3. The image recognition-based target detection method of claim 2, wherein the training process of the target extraction model comprises:

acquiring an image feature map sample, respectively generating corresponding default frame samples for each pixel point in the image feature map sample based on the target extraction model, and acquiring the coordinate position of each default frame sample in the image feature map sample and probability scores corresponding to different first preset target types;

respectively calculating the sum of softmax classification loss and bounding box regression loss of each default frame sample based on the position coordinate and probability score of each default frame sample; and

sequencing the sum of the softmax classification loss and the bounding box regression loss from large to small, sequentially acquiring a preset number of default frame samples by taking the default frame sample corresponding to the minimum softmax classification loss and the bounding box regression loss as a starting point, calculating the loss functions of the default frame samples of the preset number, performing back propagation on the calculated loss functions of the default frame samples of the preset number in the target extraction model, updating the weight values of each layer of network of the target extraction model, and training to obtain the target extraction model.

4. The image recognition-based target detection method of claim 3, wherein the loss function is calculated by the following formula:

wherein, L_conf(x, c) Softmax classification loss, L_loc(x, l, g) is bounding box regression loss, K ═ f_k|*|f_k|*α，|f_kThe method comprises the steps of |, weighting value α, default frame c, default frame position information l and calibration area result g.

5. The target detection method based on picture recognition according to any one of claims 1-4, wherein the feedback step further comprises:

and if the analysis result is not true, performing histogram equalization processing on the image to be detected to obtain second image data, adjusting the second image data to a preset angle, and inputting the second image data into the image feature extraction model in the receiving step again.

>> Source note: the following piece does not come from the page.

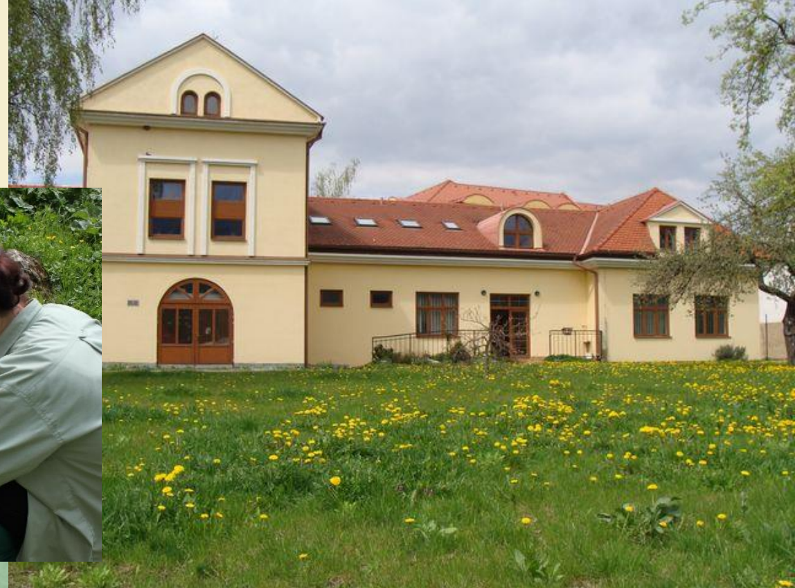
Garden at Nature Conservation School

6. A server, comprising a memory and a processor, wherein the memory stores a picture recognition-based object detection program, and the picture recognition-based object detection program when executed by the processor implements the steps of:

7. The server according to claim 6, wherein the object extraction model is an SSD model, and the determining whether the first image data includes a first object box of at least two first preset object types includes:

8. The server of claim 7, wherein the training process of the target extraction model comprises:

9. The server of claim 8, wherein the loss function is calculated by the formula:

10. A computer-readable storage medium, wherein a picture recognition-based object detection program is stored on the computer-readable storage medium, and the picture recognition-based object detection program is executable by one or more processors to implement the steps of the picture recognition-based object detection method according to any one of claims 1 to 5.